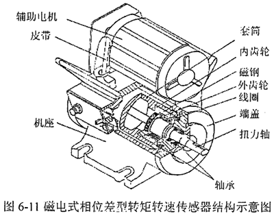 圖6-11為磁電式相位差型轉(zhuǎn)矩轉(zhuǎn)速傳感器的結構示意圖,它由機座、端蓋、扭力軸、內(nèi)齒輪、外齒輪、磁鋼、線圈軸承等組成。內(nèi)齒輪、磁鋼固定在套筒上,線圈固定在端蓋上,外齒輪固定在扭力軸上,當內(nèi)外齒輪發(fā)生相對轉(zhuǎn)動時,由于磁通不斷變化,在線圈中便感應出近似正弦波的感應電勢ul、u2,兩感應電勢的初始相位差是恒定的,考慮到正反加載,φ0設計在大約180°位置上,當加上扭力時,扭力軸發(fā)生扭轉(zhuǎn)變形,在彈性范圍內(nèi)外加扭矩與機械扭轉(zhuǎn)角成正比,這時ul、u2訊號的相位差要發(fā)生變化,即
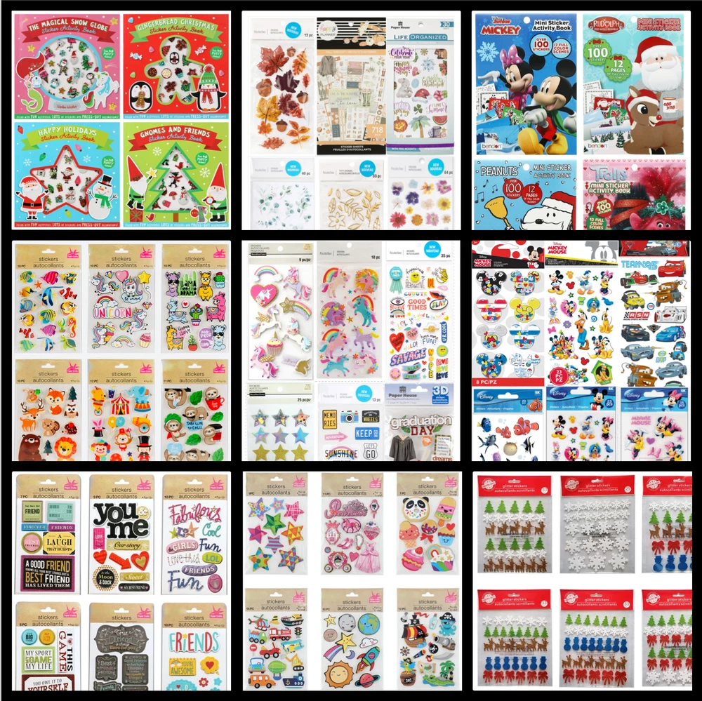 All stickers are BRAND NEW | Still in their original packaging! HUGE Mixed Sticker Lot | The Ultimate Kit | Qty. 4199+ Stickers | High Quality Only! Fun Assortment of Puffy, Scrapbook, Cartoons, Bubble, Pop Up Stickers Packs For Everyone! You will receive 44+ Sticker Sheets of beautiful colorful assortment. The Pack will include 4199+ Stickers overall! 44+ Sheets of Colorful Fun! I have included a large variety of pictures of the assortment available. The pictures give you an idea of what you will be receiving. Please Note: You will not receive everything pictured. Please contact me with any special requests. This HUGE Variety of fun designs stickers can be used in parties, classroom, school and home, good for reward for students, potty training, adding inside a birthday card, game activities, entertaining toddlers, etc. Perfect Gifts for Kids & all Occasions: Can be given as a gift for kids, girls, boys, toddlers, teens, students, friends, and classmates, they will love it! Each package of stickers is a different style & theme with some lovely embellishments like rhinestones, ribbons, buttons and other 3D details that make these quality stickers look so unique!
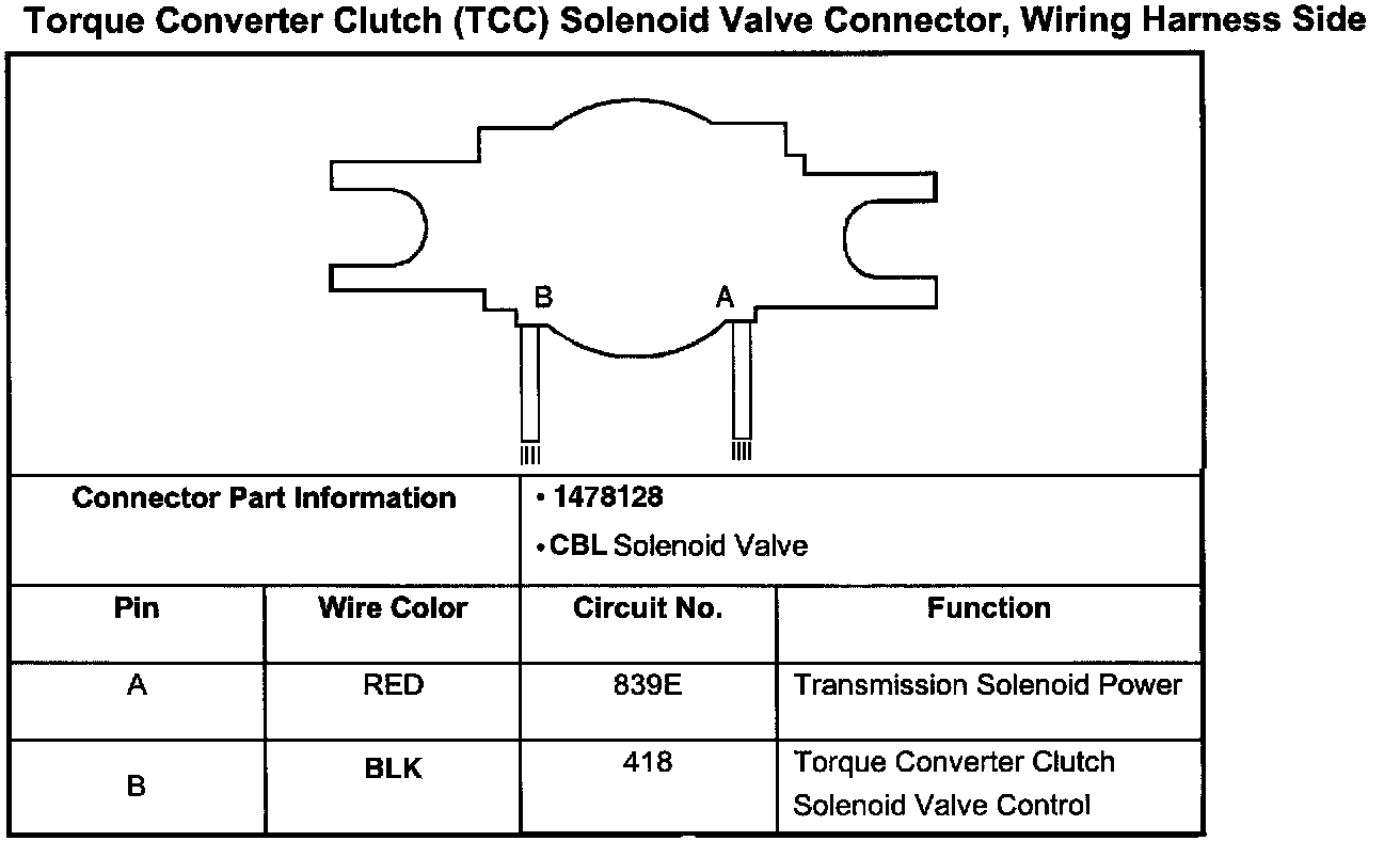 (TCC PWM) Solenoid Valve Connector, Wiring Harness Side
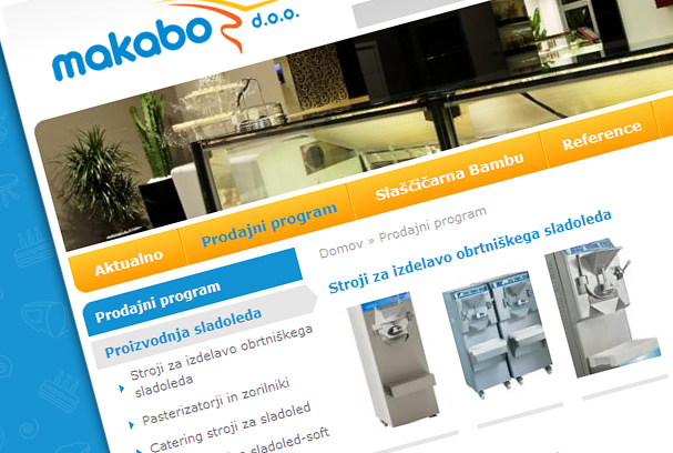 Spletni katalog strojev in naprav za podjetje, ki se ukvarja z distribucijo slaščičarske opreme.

* _Work task_
Reproduce every line of the material above, but drop the pictures.

* _Output for this task_
 圖6-11為磁電式相位差型轉(zhuǎn)矩轉(zhuǎn)速傳感器的結構示意圖,它由機座、端蓋、扭力軸、內(nèi)齒輪、外齒輪、磁鋼、線圈軸承等組成。內(nèi)齒輪、磁鋼固定在套筒上,線圈固定在端蓋上,外齒輪固定在扭力軸上,當內(nèi)外齒輪發(fā)生相對轉(zhuǎn)動時,由于磁通不斷變化,在線圈中便感應出近似正弦波的感應電勢ul、u2,兩感應電勢的初始相位差是恒定的,考慮到正反加載,φ0設計在大約180°位置上,當加上扭力時,扭力軸發(fā)生扭轉(zhuǎn)變形,在彈性范圍內(nèi)外加扭矩與機械扭轉(zhuǎn)角成正比,這時ul、u2訊號的相位差要發(fā)生變化,即
 All stickers are BRAND NEW | Still in their original packaging! HUGE Mixed Sticker Lot | The Ultimate Kit | Qty. 4199+ Stickers | High Quality Only! Fun Assortment of Puffy, Scrapbook, Cartoons, Bubble, Pop Up Stickers Packs For Everyone! You will receive 44+ Sticker Sheets of beautiful colorful assortment. The Pack will include 4199+ Stickers overall! 44+ Sheets of Colorful Fun! I have included a large variety of pictures of the assortment available. The pictures give you an idea of what you will be receiving. Please Note: You will not receive everything pictured. Please contact me with any special requests. This HUGE Variety of fun designs stickers can be used in parties, classroom, school and home, good for reward for students, potty training, adding inside a birthday card, game activities, entertaining toddlers, etc. Perfect Gifts for Kids & all Occasions: Can be given as a gift for kids, girls, boys, toddlers, teens, students, friends, and classmates, they will love it! Each package of stickers is a different style & theme with some lovely embellishments like rhinestones, ribbons, buttons and other 3D details that make these quality stickers look so unique!
 (TCC PWM) Solenoid Valve Connector, Wiring Harness Side
 Spletni katalog strojev in naprav za podjetje, ki se ukvarja z distribucijo slaščičarske opreme.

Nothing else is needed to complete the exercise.